## WHAT IS BEING ASKED:
Make an exact copy of the lines from the one containing "正しい仰向けの寝方を解説したイメージ|背骨のS字カーブと腰への負担軽減" through the end of the records below, and leave out every picture.

## DATA FOR THIS TASK:
* * *

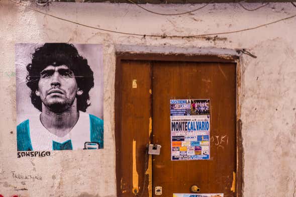 After seeing the beautiful Piazza Plebiscito, we'll begin our ascent to the Quartieri Spagnoli via the funicular railway steps. We'll walk through narrow, cobblestone streets, past majestic palaces and Baroque façades until we finally arrive at the mural of Diego Armando Maradona.
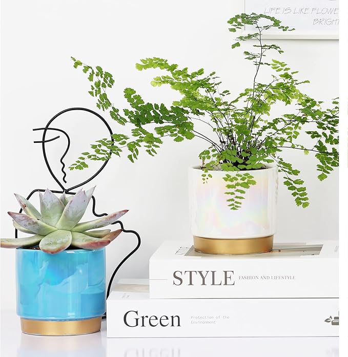 • Rainbow Pearlescent Glazed Design With Drain Holes: The rich color of these plant pots indoor is covered with a rainbow look. Large drain holes are good for draining and are perfect for home decoration.
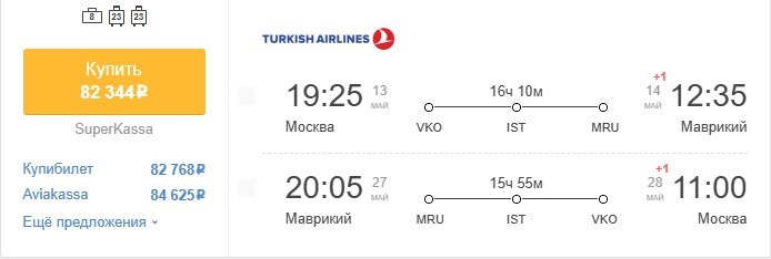 ✈️Москва - Маврикий (Маврикий), пересадка в Стамбуле, туда и обратно, с багажом за 82350 рублей
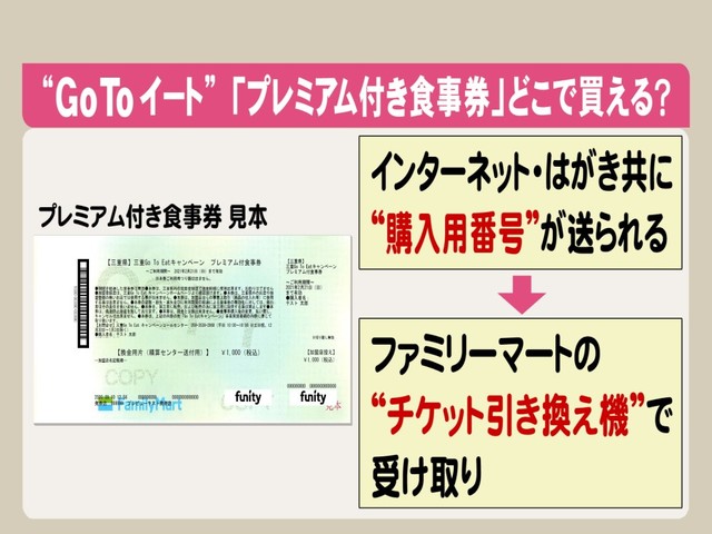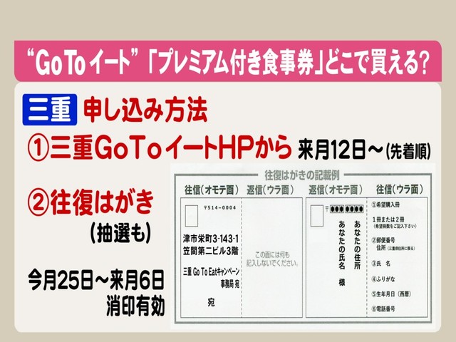 食事券を買う方法は三重の場合、「三重GoToイート」のホームページからの申し込みと、「三重GoToEatキャンペーン事務局(津市栄町3-143-1笠間第二ビル3階)」宛てに往復はがきを送る方法があり、往復はがきの場合は、9月25日から10月6日の消印まで有効で、申し込みが多い場合は「抽選」となります。
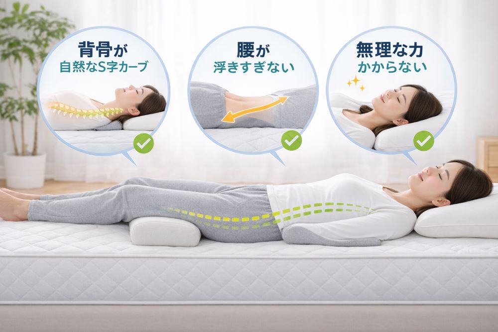 正しい仰向けの寝方を解説したイメージ|背骨のS字カーブと腰への負担軽減
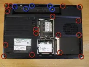 Снимите 16 винтов с нижней крышки (тёмные винты, 6 мм)
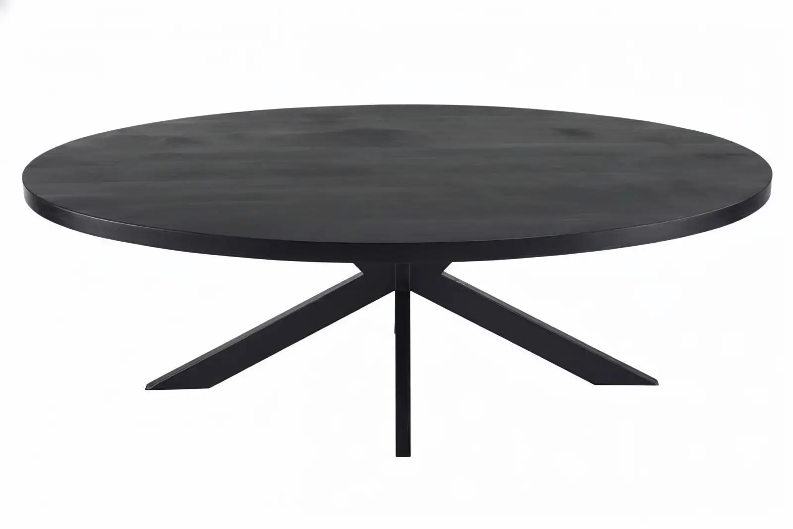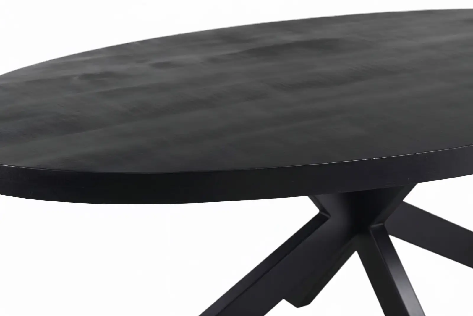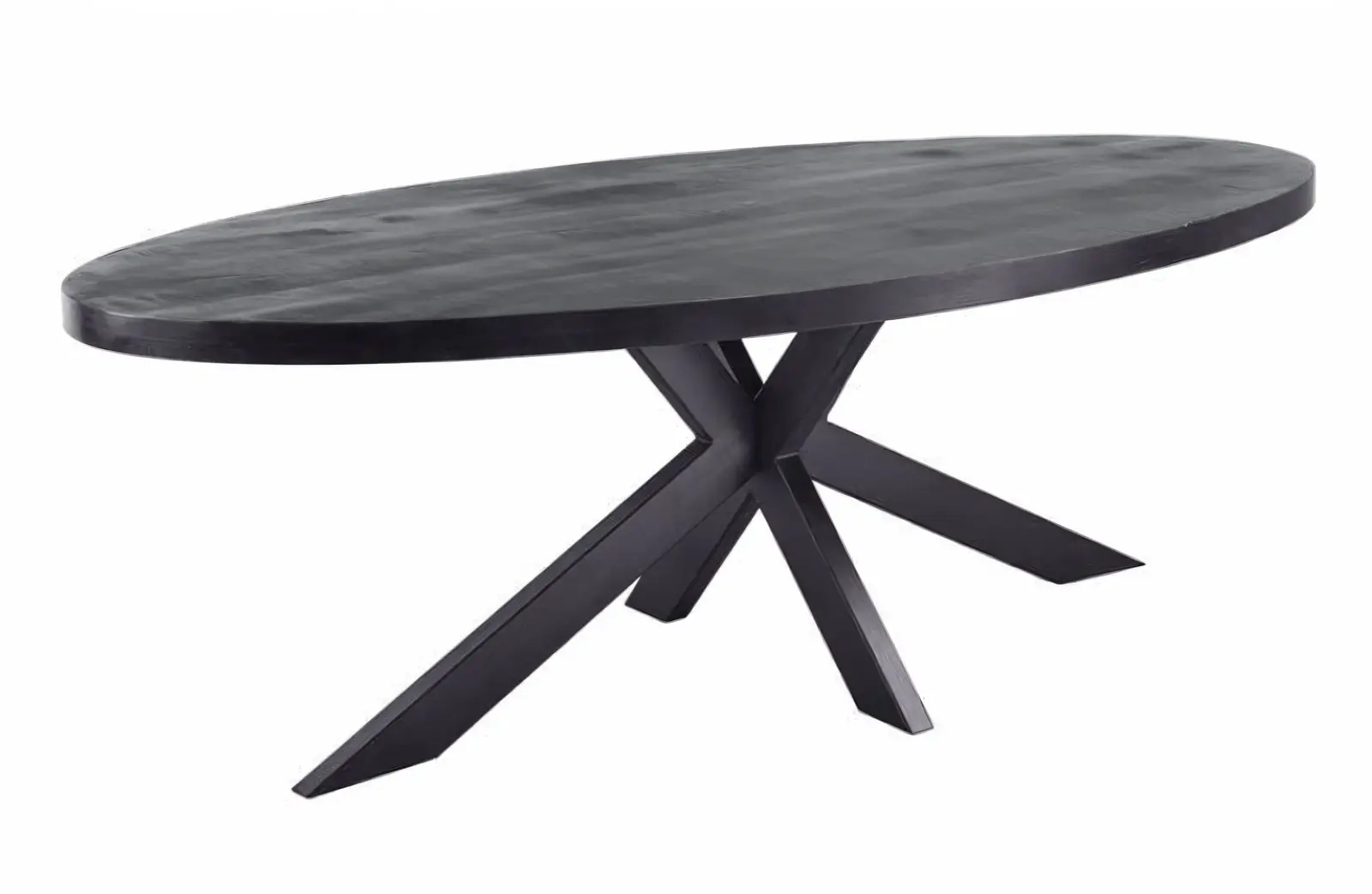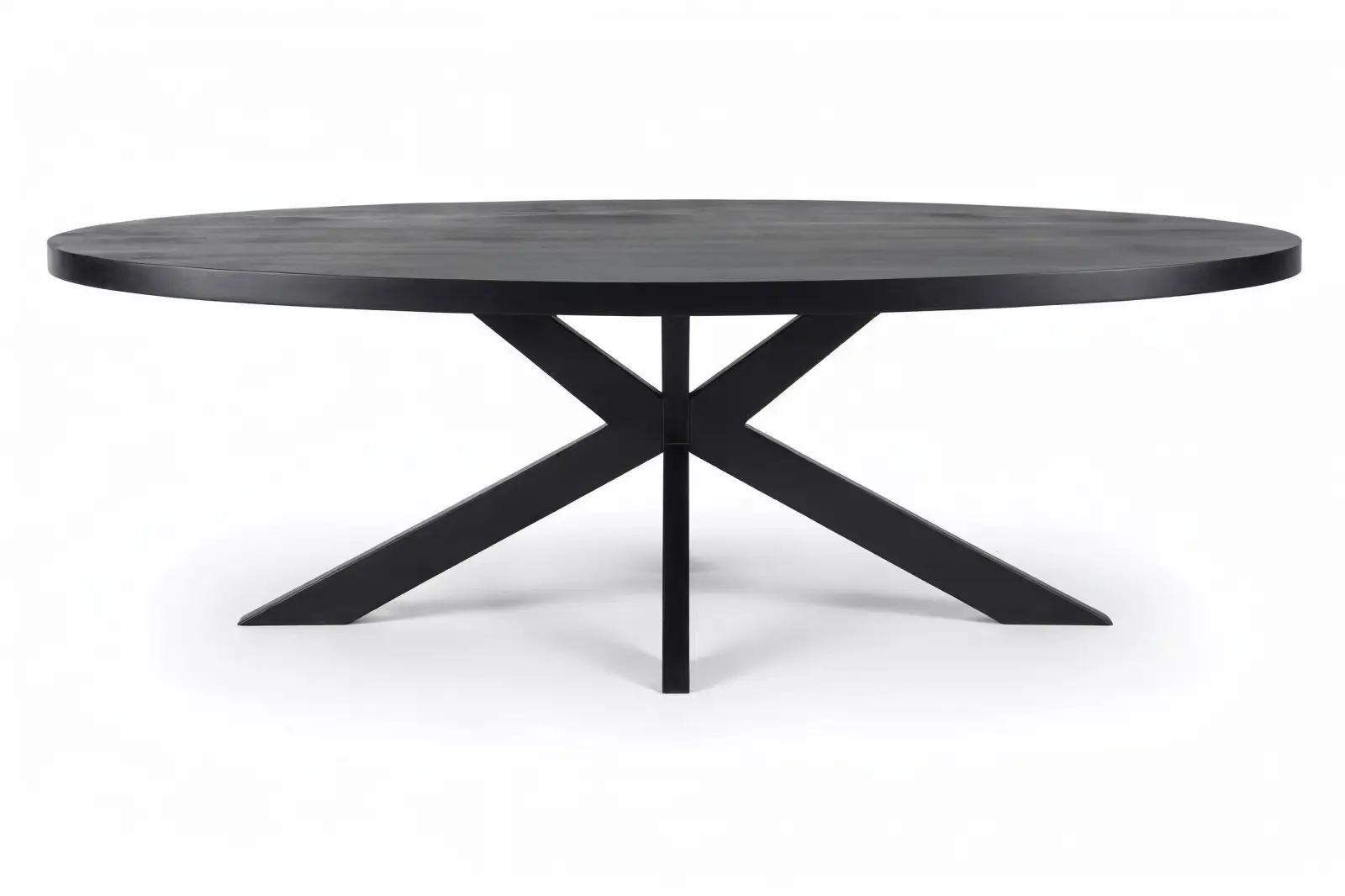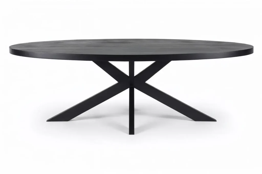 Diepzwart mangohout. Stoere industriële kruispoot. Gemaakt voor avonden lang tafelen.

* * *

## EXERCISE ANSWER:
 正しい仰向けの寝方を解説したイメージ|背骨のS字カーブと腰への負担軽減
 Снимите 16 винтов с нижней крышки (тёмные винты, 6 мм)
 Diepzwart mangohout. Stoere industriële kruispoot. Gemaakt voor avonden lang tafelen.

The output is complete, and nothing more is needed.